Are users loyal, for a M%, to one notoriety level (no matter which one)?

In [6]:
# Perform the mean test
statistics, p_value = utils.mean_test(users_max_loyalty_level, 75)

print(f"Mean test coefficient: {statistics:.3f}\nP-value: {p_value:.3f}")
alpha = 0.05
if p_value < alpha:
    print('\nReject the null hypothesis')
else:
    print('\nDo not reject the null hypothesis')

Mean test coefficient: 10.286 
P-value: 0.000

Reject the null hypothesis


We can notice that our hypothesis is true (and is statistically significant).<br>
So we can say that players are loyal to review, on average, at least 75% of same notoriety level games.

## 7) Do players who mostly review famous games also enjoy niche ones?

#### Obtain the loyalty level for famous & niche games, of players that have at least reviewed 3 games

Also, compute the fraction of niche games that a player liked with respect to the total number of niche games that he/she reviewed.

In [7]:
def get_user_loyalty(x, notoriety):
    return 100 * collections.Counter(x)[notoriety] / sum(collections.Counter(x).values())  

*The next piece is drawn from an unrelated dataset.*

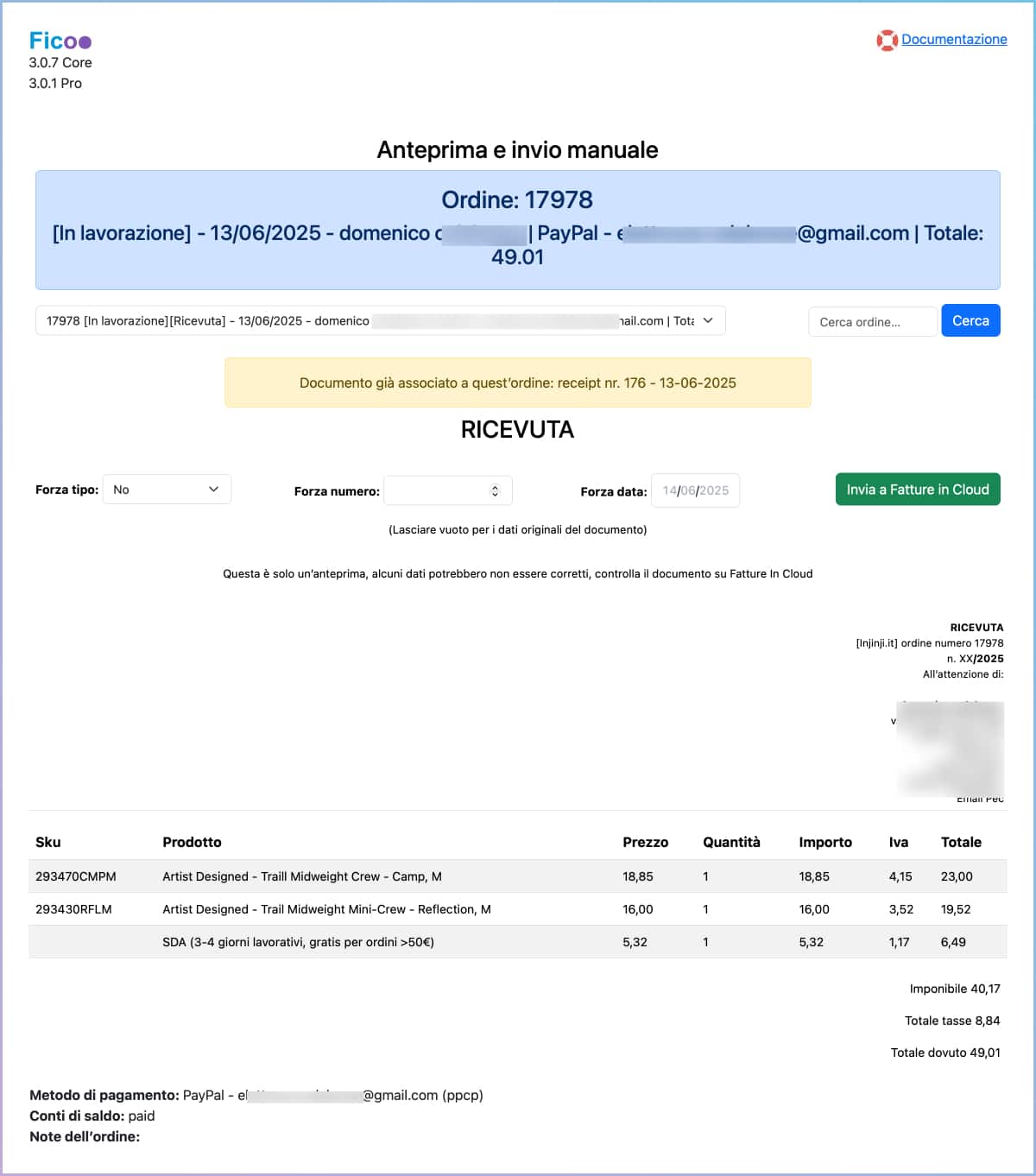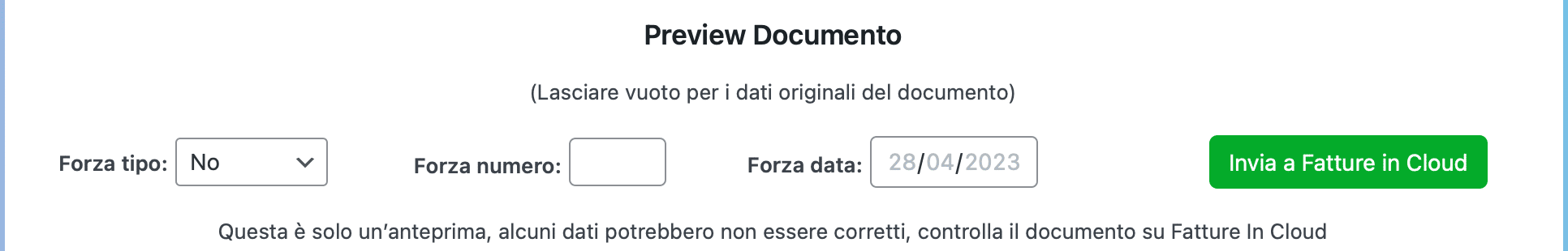 Per creare il documento è sufficiente come il tasto” Invia a Fatture In Cloud”.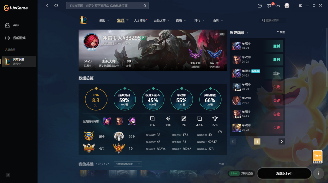 限制: 撤单率<50%才可租用此帐号英雄: 172

def get_fraction_niche_games_liked(x):
    a = x[x['notoriety'] == 'NICHE']['voted_up']
    if len(a) > 0:
        return 100 * sum(a) / len(a)
    else:
        return None

users_famous_loyalty_level = small_reviews_groups.agg(partial(get_user_loyalty, notoriety='FAMOUS'))['notoriety']
users_niche_loyalty_level = small_reviews_groups.agg(partial(get_user_loyalty, notoriety='NICHE'))['notoriety']
fraction_niche_games_liked = small_reviews_groups.apply(get_fraction_niche_games_liked)

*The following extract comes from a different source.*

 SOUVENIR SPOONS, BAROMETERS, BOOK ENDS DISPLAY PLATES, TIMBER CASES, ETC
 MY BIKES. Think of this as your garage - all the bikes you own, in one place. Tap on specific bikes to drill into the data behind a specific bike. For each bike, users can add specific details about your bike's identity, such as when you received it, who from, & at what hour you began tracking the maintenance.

#### Consider only people who are very loyal to famous games and that have at least played one niche game

In [8]:
loyalties_df = pd.DataFrame({'famous_loyalty': users_famous_loyalty_level, 'niche_loyalty': users_niche_loyalty_level, 'niche_liked': fraction_niche_games_liked})
loyalties_df = loyalties_df[(loyalties_df['famous_loyalty'] > 50) & (loyalties_df['niche_loyalty'] != 0)]
loyalties_df

Unnamed: 0_level_0,famous_loyalty,niche_loyalty,niche_liked
steamid,Unnamed: 1_level_1,Unnamed: 2_level_1,Unnamed: 3_level_1
76561197961349661,66.666667,33.333333,100.0
76561197962587924,66.666667,33.333333,0.0
76561197966548041,66.666667,33.333333,100.0
76561197968514637,66.666667,33.333333,100.0
76561197968907104,66.666667,33.333333,100.0
76561197975221620,66.666667,33.333333,0.0
76561197977069906,66.666667,16.666667,100.0
76561197980349546,66.666667,33.333333,100.0
76561197986360343,60.0,20.0,100.0
76561197989591969,66.666667,33.333333,0.0


#### Statistical test

Are users loyal to famous notoriety games also enjoying M% of niche ones?

In [9]:
statistics, p_value = utils.mean_test(loyalties_df['niche_liked'], 60)

print(f"Mean test coefficient: {statistics:.3f}\nP-value: {p_value:.3f}")
alpha = 0.05
if p_value < alpha:
    print('\nReject the null hypothesis')
else:
    print('\nDo not reject the null hypothesis')

Mean test coefficient: 1.881 
P-value: 0.032

Reject the null hypothesis


We can notice that our hypothesis is true (and is statistically significant).<br>
So we can say that players that are loyal to famous games also enjoyed, on average, at least 60% of niche games that they reviewed.